------ Source data ------
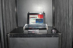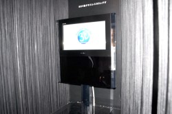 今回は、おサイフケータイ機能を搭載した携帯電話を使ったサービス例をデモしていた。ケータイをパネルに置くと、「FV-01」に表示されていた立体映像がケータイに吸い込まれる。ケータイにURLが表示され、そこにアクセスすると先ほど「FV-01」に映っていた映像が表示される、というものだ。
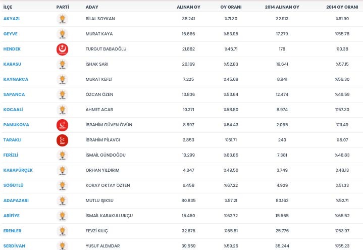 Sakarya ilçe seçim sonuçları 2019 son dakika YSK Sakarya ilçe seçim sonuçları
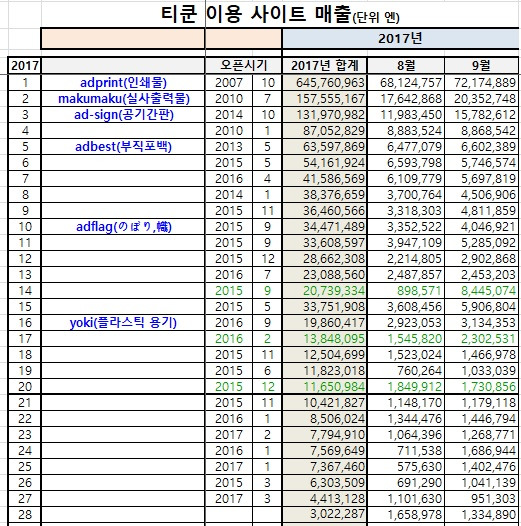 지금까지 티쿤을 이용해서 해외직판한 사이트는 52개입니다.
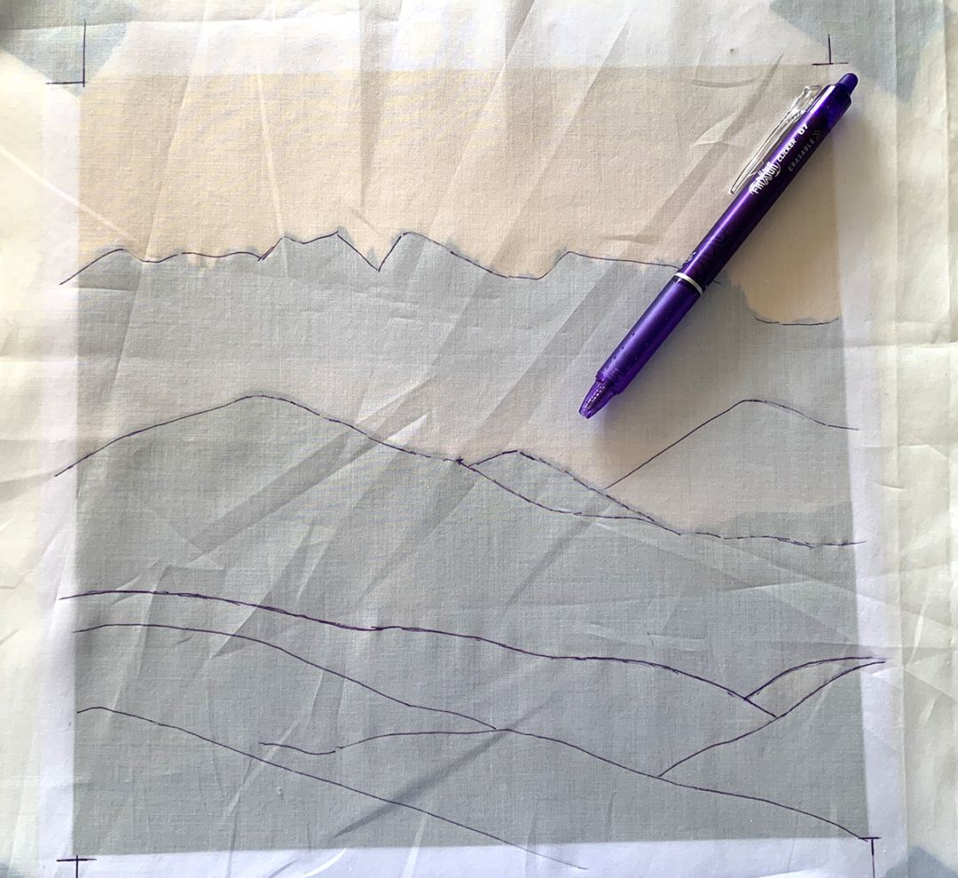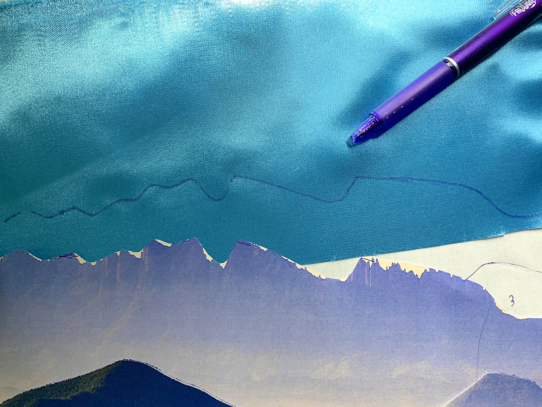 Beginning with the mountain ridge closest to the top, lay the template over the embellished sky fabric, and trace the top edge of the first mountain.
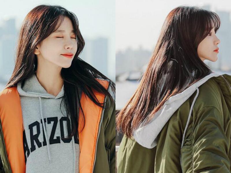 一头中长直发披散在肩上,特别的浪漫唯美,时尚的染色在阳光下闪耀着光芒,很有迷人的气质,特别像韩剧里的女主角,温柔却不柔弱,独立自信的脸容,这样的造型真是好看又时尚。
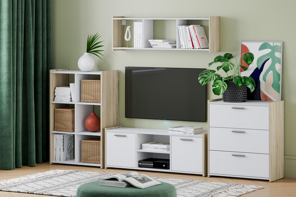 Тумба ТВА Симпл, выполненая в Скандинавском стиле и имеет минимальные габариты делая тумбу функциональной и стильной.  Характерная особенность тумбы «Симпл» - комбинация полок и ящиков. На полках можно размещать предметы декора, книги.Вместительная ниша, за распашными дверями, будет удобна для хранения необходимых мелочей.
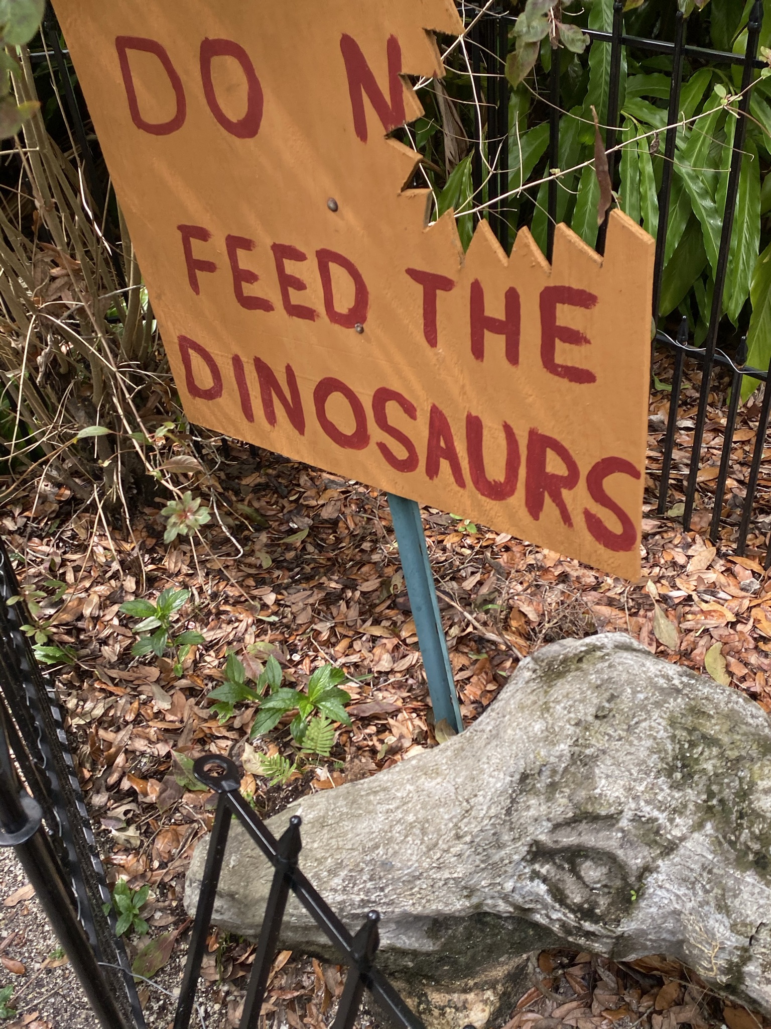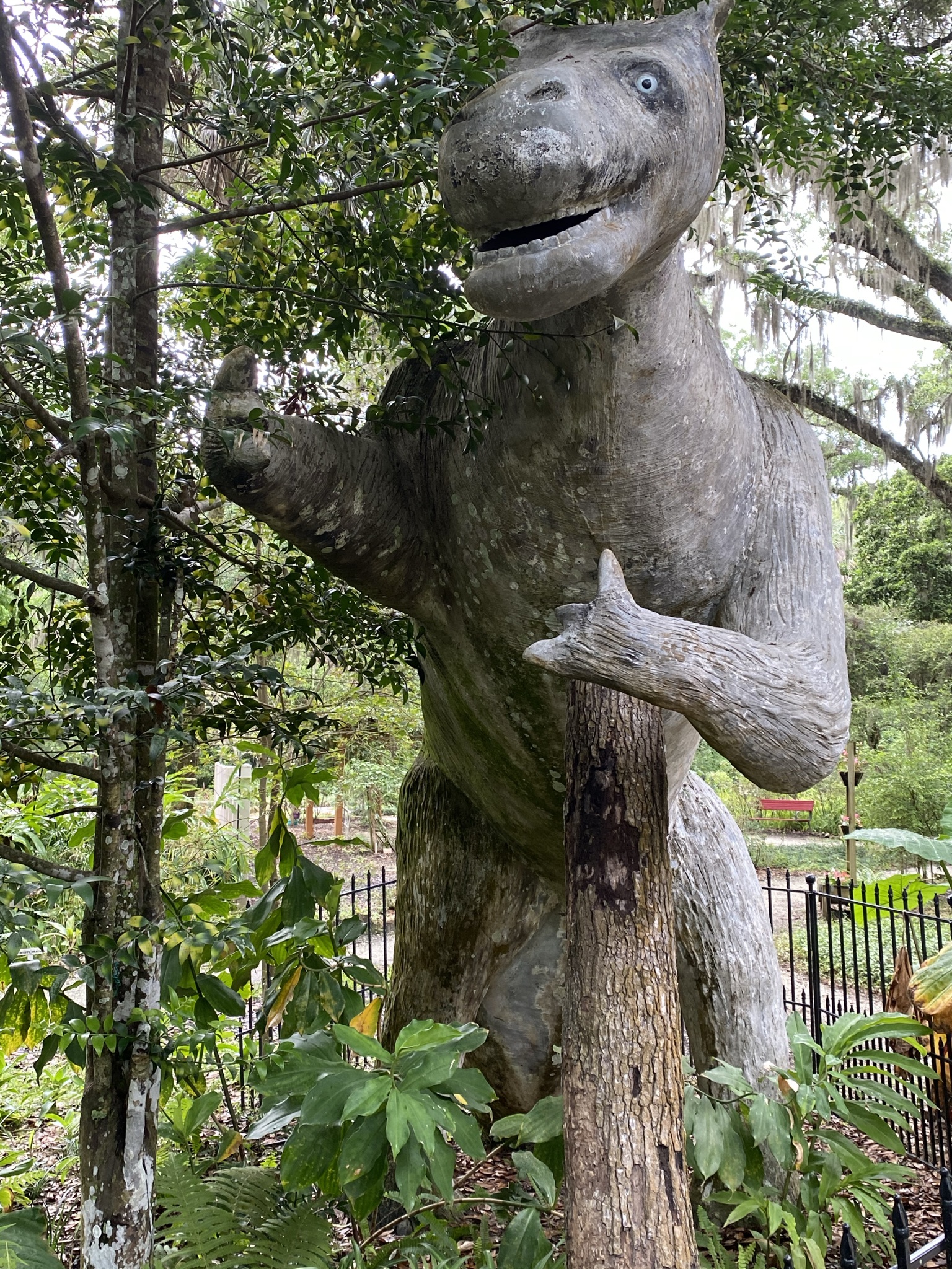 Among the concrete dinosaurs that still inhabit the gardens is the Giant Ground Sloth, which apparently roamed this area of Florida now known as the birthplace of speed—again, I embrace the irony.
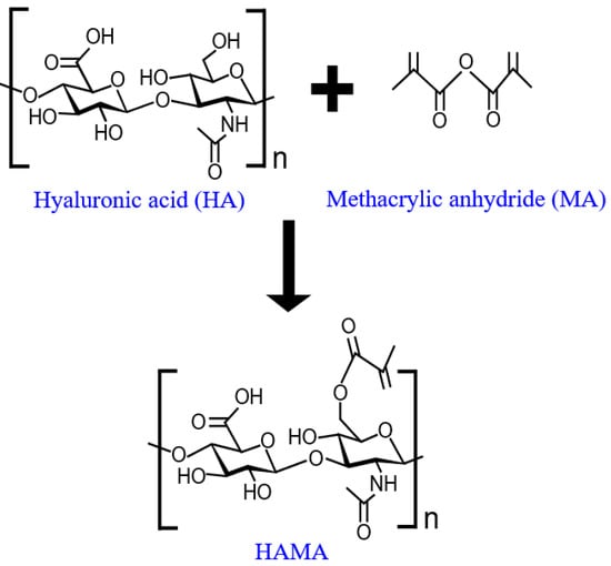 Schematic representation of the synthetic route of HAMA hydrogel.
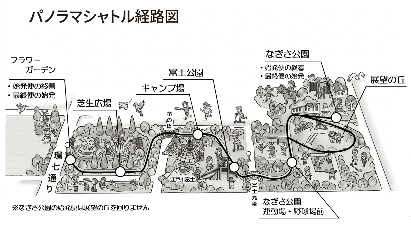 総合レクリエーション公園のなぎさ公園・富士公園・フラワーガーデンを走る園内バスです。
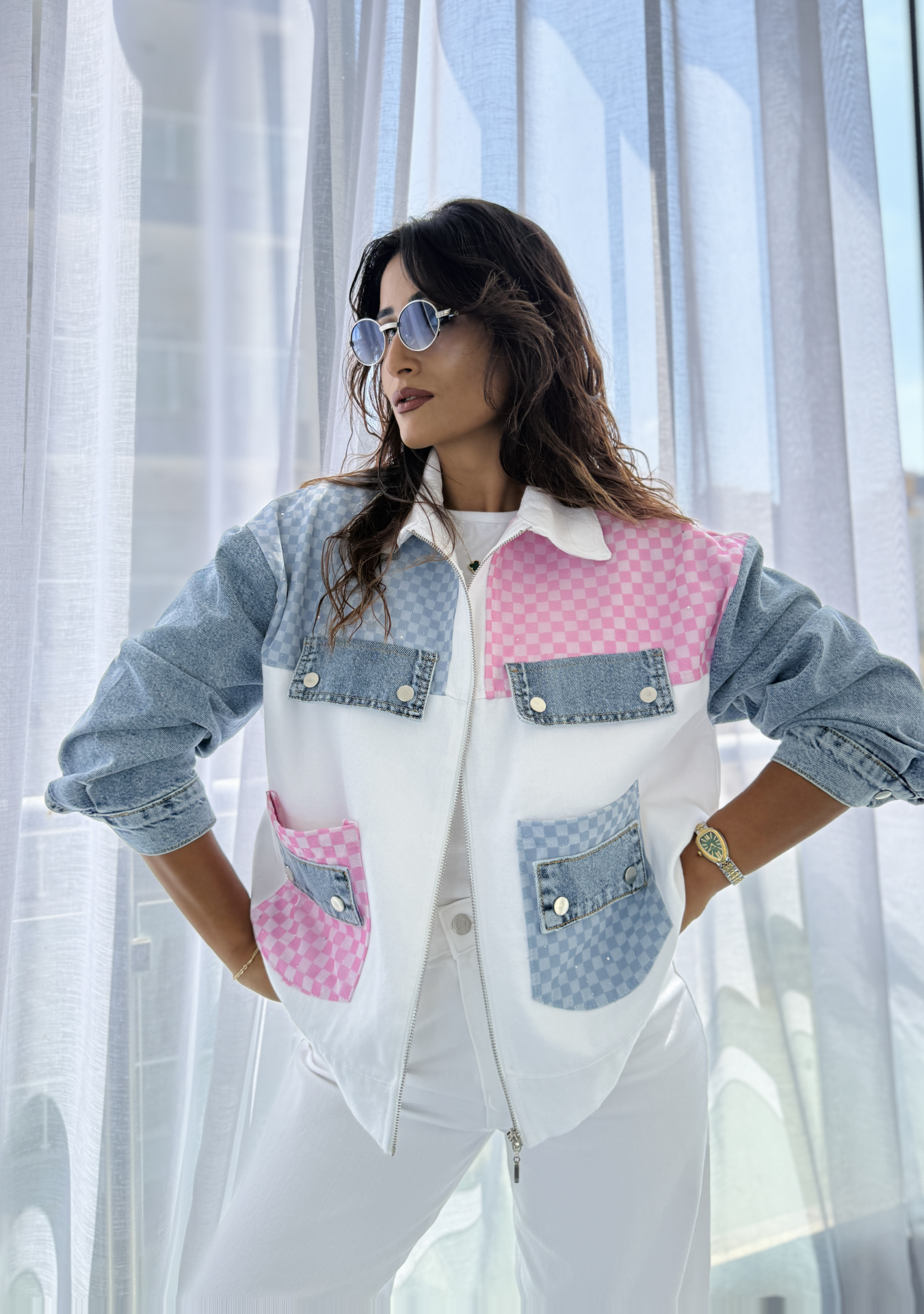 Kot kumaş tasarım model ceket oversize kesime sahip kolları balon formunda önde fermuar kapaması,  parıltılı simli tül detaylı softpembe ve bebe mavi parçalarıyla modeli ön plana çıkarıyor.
------
What the task requires | Transcribe all records verbatim and omit each image.

Answer section |
 今回は、おサイフケータイ機能を搭載した携帯電話を使ったサービス例をデモしていた。ケータイをパネルに置くと、「FV-01」に表示されていた立体映像がケータイに吸い込まれる。ケータイにURLが表示され、そこにアクセスすると先ほど「FV-01」に映っていた映像が表示される、というものだ。
 Sakarya ilçe seçim sonuçları 2019 son dakika YSK Sakarya ilçe seçim sonuçları
 지금까지 티쿤을 이용해서 해외직판한 사이트는 52개입니다.
 Beginning with the mountain ridge closest to the top, lay the template over the embellished sky fabric, and trace the top edge of the first mountain.
 一头中长直发披散在肩上,特别的浪漫唯美,时尚的染色在阳光下闪耀着光芒,很有迷人的气质,特别像韩剧里的女主角,温柔却不柔弱,独立自信的脸容,这样的造型真是好看又时尚。
 Тумба ТВА Симпл, выполненая в Скандинавском стиле и имеет минимальные габариты делая тумбу функциональной и стильной.  Характерная особенность тумбы «Симпл» - комбинация полок и ящиков. На полках можно размещать предметы декора, книги.Вместительная ниша, за распашными дверями, будет удобна для хранения необходимых мелочей.
 Among the concrete dinosaurs that still inhabit the gardens is the Giant Ground Sloth, which apparently roamed this area of Florida now known as the birthplace of speed—again, I embrace the irony.
 Schematic representation of the synthetic route of HAMA hydrogel.
 総合レクリエーション公園のなぎさ公園・富士公園・フラワーガーデンを走る園内バスです。
 Kot kumaş tasarım model ceket oversize kesime sahip kolları balon formunda önde fermuar kapaması,  parıltılı simli tül detaylı softpembe ve bebe mavi parçalarıyla modeli ön plana çıkarıyor.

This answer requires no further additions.